Medicaid allowed me to see my regular dentist. I went to Planned Parenthood for my annual exam. When I had a really bad cold, I went to a clinic and got a prescription medication for very little money, such a paltry amount that even in my broke state I could pay it. I was feeling defeated in most ways, but I knew that even if something bad happened to my health, Medicaid would make it so that I would end up okay, and that the upward trajectory of my life would probably not end. In the end, I barely used Medicaid, but just having my little plastic Medicaid card in my wallet was so empowering. Medicaid made it possible for me to feel safe leaving my home. I cannot express enough what a weight was off my chest because of it.
I saw that on Thursday some states are going to try to mandate that people who have Medicaid work. And here’s my problem with that- people want to work. Nobody I know wants to just languish. I once Tweeted that America’s national sport was not baseball, but poor-shaming, and this is another example of that. Financially unstable Americans have been dealing with housing and rent price increases, wage stagnation going on for decades, the backlash of a recession that still ripples through our lives, student debt, and many more issues. Some of us are highly educated people who believed that our hard work in school would pay off, but have too many student loans to build savings or keep our chins up.
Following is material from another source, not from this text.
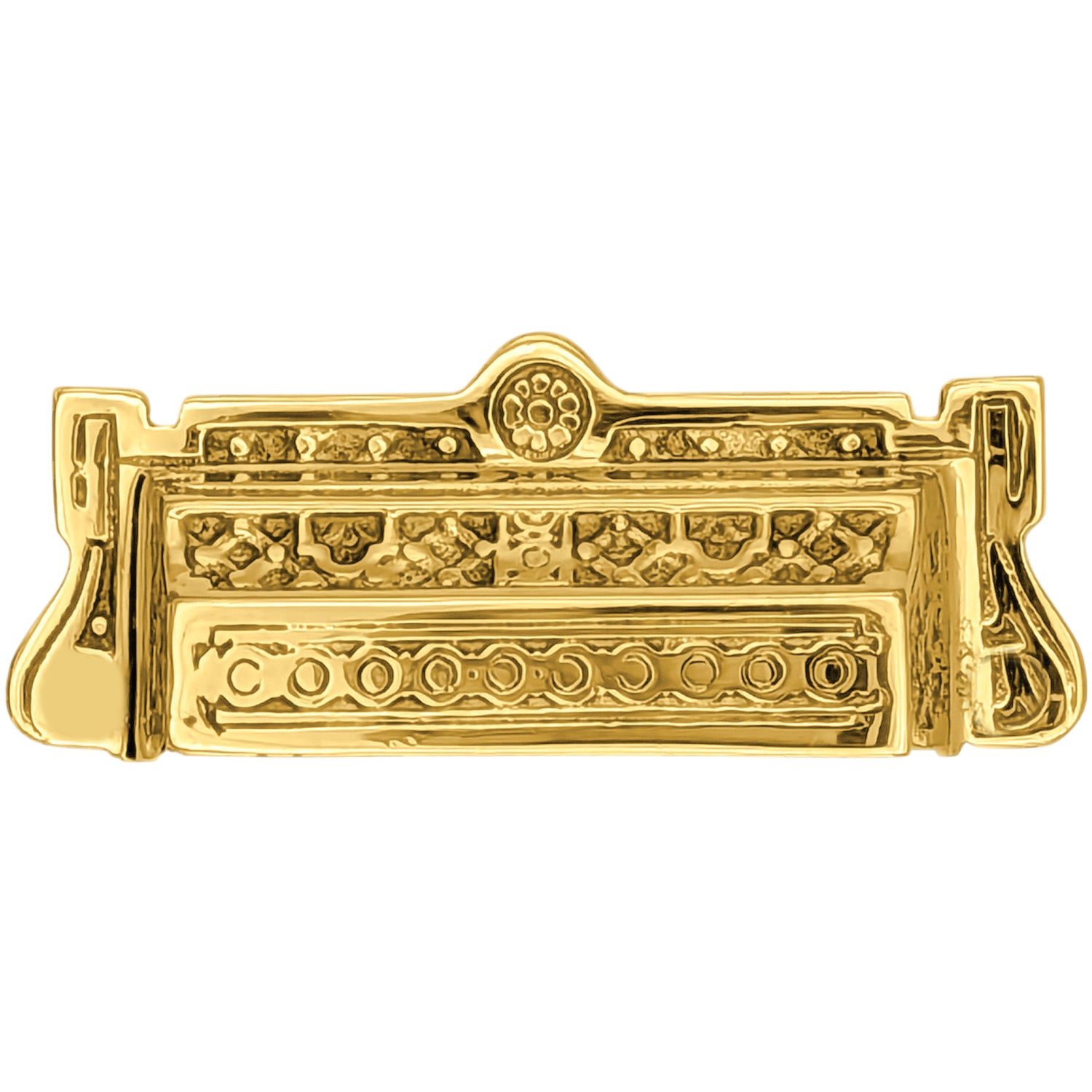 Measures 3 7/8 inches long and 1 3/4 inches tall. Center to center mounting distance is 3 3/8 inches. Highly ornate and hand finished detailing. Available in polished brass, antique brass, and black bronze. Comes complete with mounting hardware.
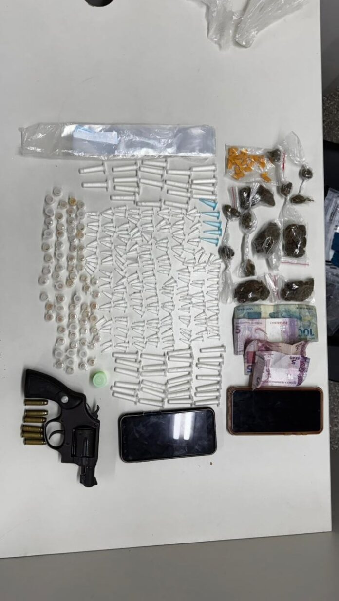 Entre os itens apreendidos estavam um revólver calibre 38, 27 comprimidos de ecstasy, 13 porções de maconha, 248 pinos de cocaína, 71 pedras de crack, além de embalagens plásticas utilizadas para acondicionar drogas e dois aparelhos celulares. A contagem do material revela a escala da atividade ilícita naquela região e a necessidade de resposta policial constante para coibir esse tipo de prática.

So many Americans live on the financial edge of ruin. The idea that those of us who use safety nets like Medicaid, Section 8, food stamps, etc. are using them because we just don’t want to work, is absolutely ridiculous. It shouldn’t have taken somebody who has had as many opportunities like me four months to find work, but it DID.
Also, if you have to use Medicaid or Medicare or Section 8 or any other state or federal safety net system, please do NOT feel ashamed. It is ingrained in us through our culture and mythology here in America to believe that the “pull yourself up by your bootstraps” mentality will make sure that everything ends up okay. The reality that has been proven time and time again is that sometimes even a lot of hard work isn’t enough, and that we have sexism, racism, class systems, and more to reckon with. These things are real and do make a difference in who gets access to opportunities. I believe that there should be no shame associated with needing help and getting it through welfare programs. In fact, if anything, we should expand them, make them easier to access, and encourage people to use them, so that they can afford things they need, and get a leg up, because it is so hard to do so. For me, Medicaid facilitated my ability to job search without being paralyzed by fear that leaving my home could result in some medical event derailing my life. Now, I have a job in a place that helps domestic violence survivors and victims work through our legal system, get housing, and offer them support, options, and advocacy.
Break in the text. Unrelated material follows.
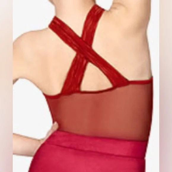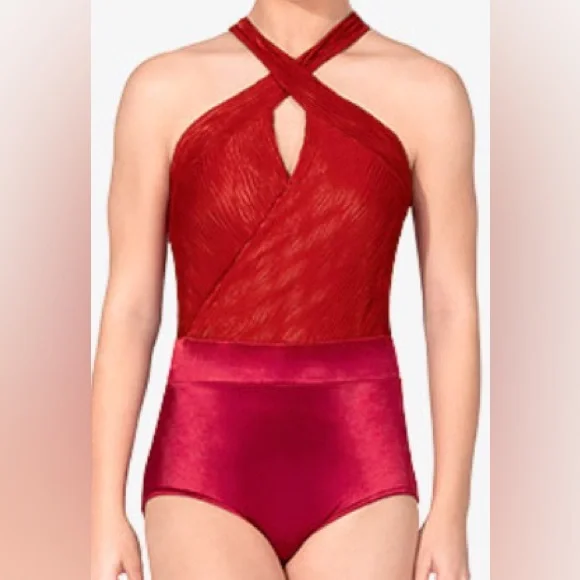 Stunning red halter style dance costume leotard performance outfit. * Halter Neck: The leotard features a halter neckline with straps that cross over at the front, creating a keyhole cutout just below the collarbone. * Crisscross Bodice: The bodice has a wrap-style design with the fabric crisscrossing at the front, creating a visually interesting texture. * High-Waisted Shorts: The bottom portion is designed like high-waisted shorts, offering more coverage than a traditional leotard cut.Materials and Texture: * Shiny Fabric: Both the top and bottom appear to be made of a shiny, possibly metallic, fabric. * Textured Bodice: The fabric of the bodice seems to have a textured or pleated effect, adding depth to the design.Color: * Red: The leotard is predominantly red, with the top and bottom in slightly different shades of the color. The top appears to be a brighter, more textured red, while the shorts are a deeper, smoother red.Overall Impression:This leotard is a modern and stylish piece of dancewear. The combination of the halter neckline, crisscross bodice, and high-waisted shorts creates a unique and flattering silhouette. The shiny fabric and textured bodice add visual interest, making it a standout piece.Features:X design neck line4 peek-a-boo cutoutsMesh backPleated bodiceCharmeuse briefFront-lined for light supportLow compressionFabric:95% Polyester / 5% Spandex

So, to end this post, thank you to the Affordable Care Act for allowing me to stay insured until I was twenty-six through my parents. Thank you to everybody working at the Montana Department of Public Health and Human Services who helped me get enrolled, who answered my questions, and who made me feel unashamed to use their services. Thank you to the doctors and medical professionals who took me in and took Medicaid as payment for my care. Medicaid changed my life and I barely used it, but just having it there made a huge difference in the quality of life I was able to have.